L’atelier "Portrait étrange" |5
J’invite les participants à être à l’écoute de l’inattendu, l’inespéré, parfois c’est tout petit, c’est un détail. Chercher l’accident, on y reviendra, mais ça c’est une chose qui peut être moteur pour l’imaginaire, et l’écriture.
« Je reste longtemps dans la demeure inconnue, parfois une journée entière. Nous prenons le thé, comparons nos chemisiers achetés récemment, parlons coiffures et recettes de cuisine. Regardons ensemble les photographies des petits-enfants. Et alors seulement… Au bout de quelque temps, on ne sait jamais à l’avance ni combien ni pourquoi, survient soudain l’instant tant attendu, où la personne s’éloigne du modèle communément admis - modèle de plâtre ou de béton armé, comme sont nos monuments - pour retourner vers soi. En soi. Commence à évoquer, non plus la guerre, mais sa propre jeunesse.
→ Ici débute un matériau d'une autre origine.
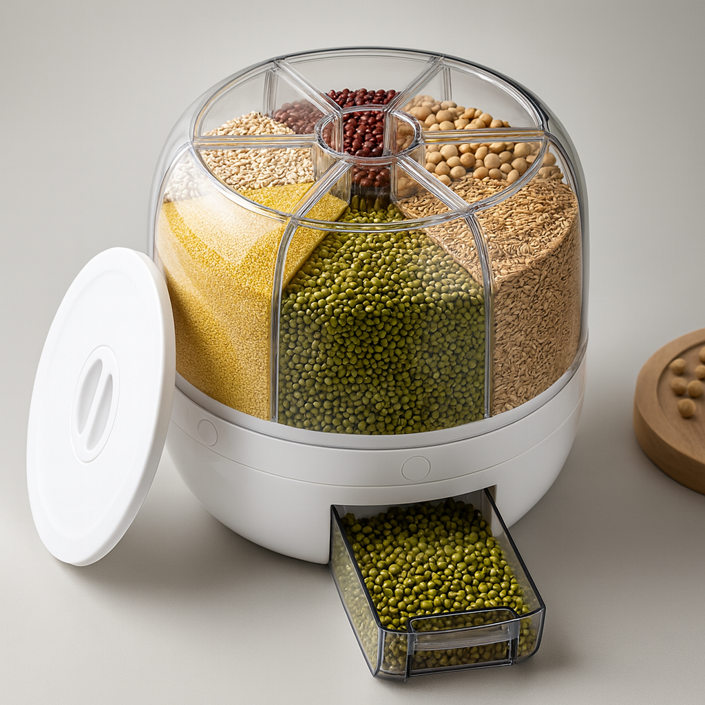 Mantén tus granos y condimentos ordenados, protegidos y siempre listos para usar en un solo contenedor práctico y funcional.
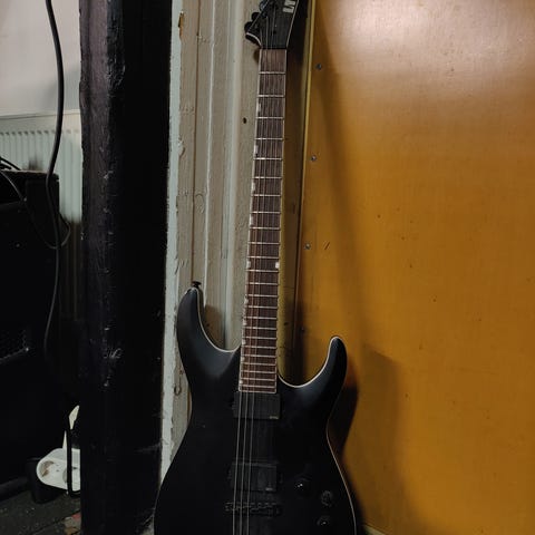 Upea käsityönä Japanissa 2017 valmistunut ESP - E-II Horizon NT-7B Baritone sähkökitara alkuperäisellä kovalla laukulla. Kitara on siistissä kunnossa ja tekniikka toimii niinkuin pitääkin. Nauhat kunnossa ja kulutuspintaa reilusti. Bodyn takapuolella kevyt naarmu, ja kevyttä kulumaa näkyvissä maalipinnassa, mutta ei mitään maittavaa.

Tout un pan de sa vie… Il faut savoir saisir cet instant. Ne pas le laisser échapper. Mais souvent, après une longue journée emplie de paroles et de faits, ne vous reste en mémoire qu’une seule phrase (mais quelle phrase !) : “j’étais si petite, quand je suis partie au front, que j’ai grandi pendant la guerre.” C’est cette phrase que je note dans mon carnet, bien que j’aie enregistré des dizaines de mètres de bande sur mon magnétophone. Quatre à cinq cassettes… »
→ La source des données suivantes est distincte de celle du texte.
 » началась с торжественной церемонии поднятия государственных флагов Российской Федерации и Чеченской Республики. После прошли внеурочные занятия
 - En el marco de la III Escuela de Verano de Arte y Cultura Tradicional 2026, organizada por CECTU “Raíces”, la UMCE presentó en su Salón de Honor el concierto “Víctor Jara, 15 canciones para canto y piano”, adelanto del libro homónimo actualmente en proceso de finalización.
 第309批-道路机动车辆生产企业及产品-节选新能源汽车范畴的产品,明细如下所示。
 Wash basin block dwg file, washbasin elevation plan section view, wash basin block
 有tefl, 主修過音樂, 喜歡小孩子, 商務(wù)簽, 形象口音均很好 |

Svetlana Alexievitch, La guerre n’a pas un visage humain.
Penser aussi que c’est par l’observation, l’écoute que le modèle va nous diriger, nous accompagner, nous indiquer des chemins à prendre.
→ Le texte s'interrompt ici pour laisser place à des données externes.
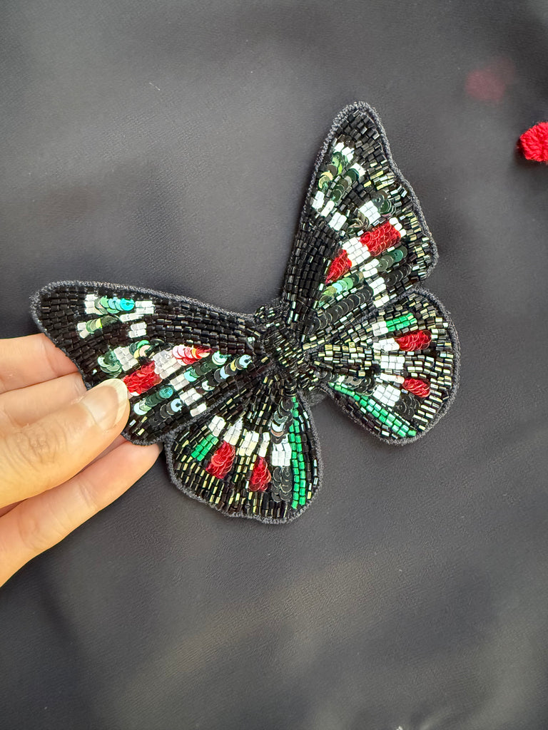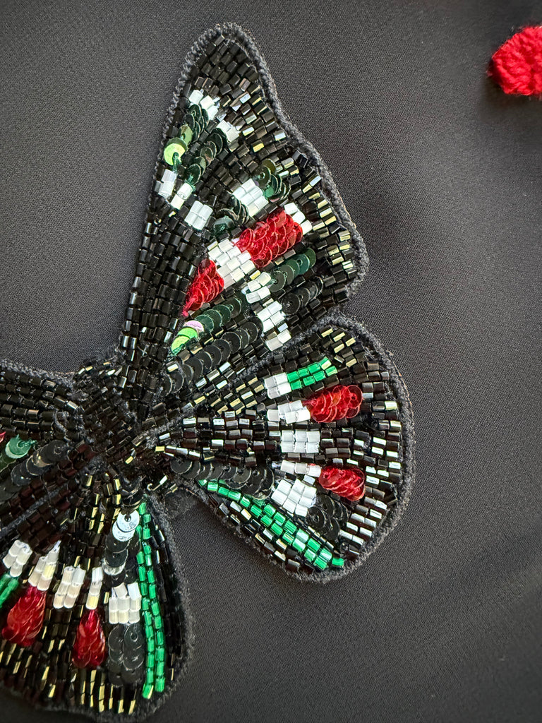 A 3D butterfly brooch, hand embroidered with sequence in the UAE’s national flag colors

Alexievitch écrit encore une chose magnifique un peu plus loin : « Des textes, des textes. Partout : des textes. Dans des appartements et des maisons en bois, dans la rue, dans des cafés… Moi j’écoute… Je me métamorphose de plus en plus en une seule grande oreille sans relâche tournée chez l’autre. Je “lis” les voix… »
je disparais. Je suis habité par leurs voix et guidé par le rollers écrit encore Philippe Minyana (Epopée intime).
(Au détour de mes lectures : L’école du regard, c’est ainsi qu’on nommait le Nouveau Roman, chosifier le monde pour lui faire dégorger son étrangeté.
Me pose question.
M’amène à ce livre : Dessiner avec son cerveau droit.
Je me demande comment l’adapter à l’écriture.
Sarraute (que je chéris comme si c’était ma grand-mère !) fait ça à merveille, à l’os.)